Your task is the following
1. Engineer a new feature (or features) for the day's average temperature (as reported at Central Park).
2. Combine the time-based, historical, and (your new) weather-based features into a FeatureUnion
3. Fit a linear regression model and evaluate what the performance improvement is over our previous best model.

In [None]:
import zipfile
import pandas as pd
import numpy as np
import glob
from sklearn import base
from sklearn.pipeline import Pipeline, FeatureUnion
from sklearn.linear_model import LinearRegression
from sklearn import metrics

def load_counts(fn):
    zf = zipfile.ZipFile(fn, 'r')
    df = pd.read_csv(zf.open(zf.namelist()[0]))
    counts = df['starttime'].str.split(' ', 1).apply(lambda x: x[0]).value_counts()
    if '-' in counts.index[0]:
        counts.index = pd.to_datetime(counts.index, format='%Y-%m-%d')
    else:
        counts.index = pd.to_datetime(counts.index, format='%m/%d/%Y')
    return counts.sort_index()

fns = glob.glob('tripdata/[0-9][0-9][0-9][0-9][0-9][0-9]-citibike-tripdata.zip')
counts = pd.concat([load_counts(fn) for fn in sorted(fns)])

In [None]:
class FourierComponents(base.BaseEstimator, base.TransformerMixin):
    
    def __init__(self, period):
        self.period = period
    
    def fit(self, X, y=None):
        self.X0 = X[0]
        return self
    
    def transform(self, X):
        dt = (X - self.X0).days * 2 * np.pi / self.period
        return np.c_[np.sin(dt), np.cos(dt)]

class DayofWeek(base.BaseEstimator, base.TransformerMixin):
    
    def fit(self, X, y=None):
        return self
    
    def day_vector(self, day):
        v = np.zeros(7)
        v[day] = 1
        return v
    
    def transform(self, X):
        return np.stack(self.day_vector(d) for d in X.dayofweek)

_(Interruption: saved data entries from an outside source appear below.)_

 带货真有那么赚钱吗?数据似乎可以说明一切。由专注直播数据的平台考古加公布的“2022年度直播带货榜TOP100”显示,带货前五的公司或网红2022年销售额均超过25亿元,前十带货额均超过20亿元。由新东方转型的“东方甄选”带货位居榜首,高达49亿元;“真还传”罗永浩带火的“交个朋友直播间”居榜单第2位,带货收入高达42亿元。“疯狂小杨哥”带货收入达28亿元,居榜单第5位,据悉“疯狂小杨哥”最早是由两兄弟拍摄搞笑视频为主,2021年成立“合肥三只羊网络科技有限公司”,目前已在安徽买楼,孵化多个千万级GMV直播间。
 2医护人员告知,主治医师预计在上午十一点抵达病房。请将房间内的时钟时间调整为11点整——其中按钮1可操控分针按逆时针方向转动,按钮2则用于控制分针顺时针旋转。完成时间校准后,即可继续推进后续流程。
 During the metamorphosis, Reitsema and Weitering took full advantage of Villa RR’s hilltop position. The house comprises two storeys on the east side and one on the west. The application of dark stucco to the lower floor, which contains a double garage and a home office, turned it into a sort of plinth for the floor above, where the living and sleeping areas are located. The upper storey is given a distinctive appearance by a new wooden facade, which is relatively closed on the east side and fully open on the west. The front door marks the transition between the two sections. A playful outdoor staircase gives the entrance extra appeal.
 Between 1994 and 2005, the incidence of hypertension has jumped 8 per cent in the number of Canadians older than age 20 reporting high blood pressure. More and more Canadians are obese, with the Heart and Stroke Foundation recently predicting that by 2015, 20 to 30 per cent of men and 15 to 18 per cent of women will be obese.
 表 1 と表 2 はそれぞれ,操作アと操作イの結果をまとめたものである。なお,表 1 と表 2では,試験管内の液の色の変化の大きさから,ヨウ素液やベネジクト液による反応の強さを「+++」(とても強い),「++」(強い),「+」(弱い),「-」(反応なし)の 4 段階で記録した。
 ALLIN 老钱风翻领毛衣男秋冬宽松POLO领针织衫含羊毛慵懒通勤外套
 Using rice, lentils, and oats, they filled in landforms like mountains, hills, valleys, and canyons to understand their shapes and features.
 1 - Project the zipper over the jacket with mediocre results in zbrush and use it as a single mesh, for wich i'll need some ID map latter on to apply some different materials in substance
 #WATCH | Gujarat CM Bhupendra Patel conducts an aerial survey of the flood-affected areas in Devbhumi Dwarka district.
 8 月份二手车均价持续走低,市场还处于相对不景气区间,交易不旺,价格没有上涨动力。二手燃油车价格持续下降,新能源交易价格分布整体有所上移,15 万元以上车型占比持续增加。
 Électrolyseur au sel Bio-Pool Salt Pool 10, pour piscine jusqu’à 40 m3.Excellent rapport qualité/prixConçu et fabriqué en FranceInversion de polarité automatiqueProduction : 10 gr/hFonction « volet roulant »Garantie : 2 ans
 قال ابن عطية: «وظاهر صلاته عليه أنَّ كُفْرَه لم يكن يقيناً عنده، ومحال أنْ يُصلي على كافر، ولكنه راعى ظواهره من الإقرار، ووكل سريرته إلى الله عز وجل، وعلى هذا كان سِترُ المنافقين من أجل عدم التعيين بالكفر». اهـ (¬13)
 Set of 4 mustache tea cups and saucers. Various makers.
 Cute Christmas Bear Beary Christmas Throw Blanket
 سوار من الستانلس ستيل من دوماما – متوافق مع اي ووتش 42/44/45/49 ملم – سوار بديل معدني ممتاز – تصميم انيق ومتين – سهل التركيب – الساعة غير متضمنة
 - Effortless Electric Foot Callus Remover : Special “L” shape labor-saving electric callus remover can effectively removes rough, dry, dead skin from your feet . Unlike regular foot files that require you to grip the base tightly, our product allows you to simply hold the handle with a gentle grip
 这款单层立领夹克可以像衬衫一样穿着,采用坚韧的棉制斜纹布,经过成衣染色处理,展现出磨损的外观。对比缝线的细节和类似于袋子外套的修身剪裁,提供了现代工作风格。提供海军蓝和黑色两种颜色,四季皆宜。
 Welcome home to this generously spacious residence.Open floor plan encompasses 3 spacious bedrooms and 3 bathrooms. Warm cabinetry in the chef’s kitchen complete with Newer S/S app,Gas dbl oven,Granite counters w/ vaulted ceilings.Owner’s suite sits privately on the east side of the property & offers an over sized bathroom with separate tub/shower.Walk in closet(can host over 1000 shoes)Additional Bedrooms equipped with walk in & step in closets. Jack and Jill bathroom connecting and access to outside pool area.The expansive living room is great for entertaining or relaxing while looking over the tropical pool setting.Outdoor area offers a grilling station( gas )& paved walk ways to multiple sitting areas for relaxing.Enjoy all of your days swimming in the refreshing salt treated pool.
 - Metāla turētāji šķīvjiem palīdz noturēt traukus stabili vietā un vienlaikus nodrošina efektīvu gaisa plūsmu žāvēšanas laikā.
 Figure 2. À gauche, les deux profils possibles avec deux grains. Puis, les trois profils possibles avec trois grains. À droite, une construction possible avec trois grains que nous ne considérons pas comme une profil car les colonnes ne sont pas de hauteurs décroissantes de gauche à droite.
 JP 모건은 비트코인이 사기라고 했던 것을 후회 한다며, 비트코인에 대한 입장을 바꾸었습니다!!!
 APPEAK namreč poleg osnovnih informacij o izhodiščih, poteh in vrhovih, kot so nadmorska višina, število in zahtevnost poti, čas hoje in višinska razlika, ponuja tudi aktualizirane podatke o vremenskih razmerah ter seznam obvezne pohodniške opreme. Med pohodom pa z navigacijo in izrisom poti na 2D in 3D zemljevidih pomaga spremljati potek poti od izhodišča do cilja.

class QuadBackground(base.BaseEstimator, base.TransformerMixin):
    
    def fit(self, X, y=None):
        self.X0 = X[0]
        return self
    
    def transform(self, X):
        days = (X - self.X0).days
        return np.c_[days, days**2]
    
class ColumnExtractor(base.BaseEstimator, base.TransformerMixin):
    
    def __init__(self, cols):
        self.cols = cols
    
    def fit(self, X, y=None):
        return self
    
    def transform(self, X):
        return X[self.cols]
    
class IndexExtractor(base.BaseEstimator, base.TransformerMixin):
    
    def fit(self, X, y=None):
        return self
    
    def transform(self, X):
        return X.index

In [None]:
union = FeatureUnion([('date', QuadBackground()),
                      ('fourier-y', FourierComponents(365)),
                      ('fourier-2', FourierComponents(365/2.)),
                      ('fourier-m', FourierComponents(365/12.)),
                      ('fourier-8', FourierComponents(365/8.)),
                      ('dayofweek', DayofWeek()),])
time_pipe = Pipeline([('index', IndexExtractor()),
                      ('features', union)])

In [None]:
counts_df = pd.DataFrame({'counts': counts, 'previous': counts.shift(1).fillna(method='bfill'),
                          'rolling': counts.rolling(window=5).mean().shift(1).fillna(method='bfill')})

hist_pipe = Pipeline([('previous', ColumnExtractor(['previous', 'rolling']))])

### The Weather Data
Here's the dataset of weather. We added in a column with the dates already parsed for you. Explore it to determine which columns actually track temperature on a given day.

In [None]:
weather = pd.read_csv("weatherdata/nycp.csv")
#here, we'll even give you a nice datetime object to work with
weather["DT"] = pd.to_datetime(weather["DATE"].apply(str), format="%Y%m%d")
weather.head()

### What now?

Some hints:
- The first thing you'll need to do is line up the dates in the `weather` dataframe with the `counts_df` dataframe (i.e. join the two tables).
- You can use the `ColumnExtractor` transformer we've already written to pull out temperature as a feature
- From there, set up a `FeatureUnion` (combining the pipelines already here with your new feature extraction)
- Last but not least, train a Linear Regression model and compute the RMSE. How did it do?

Once you've gotten that all done, a fun one: how much does ridership increase for every degree Fahrenheit? (Hint: The coefficients of the linear model are stored in the .coef_ attribute of a LinearRegression object.)

Next steps: There are a few other interesting columns in this dataset. Add those into the regression as well to see how they do.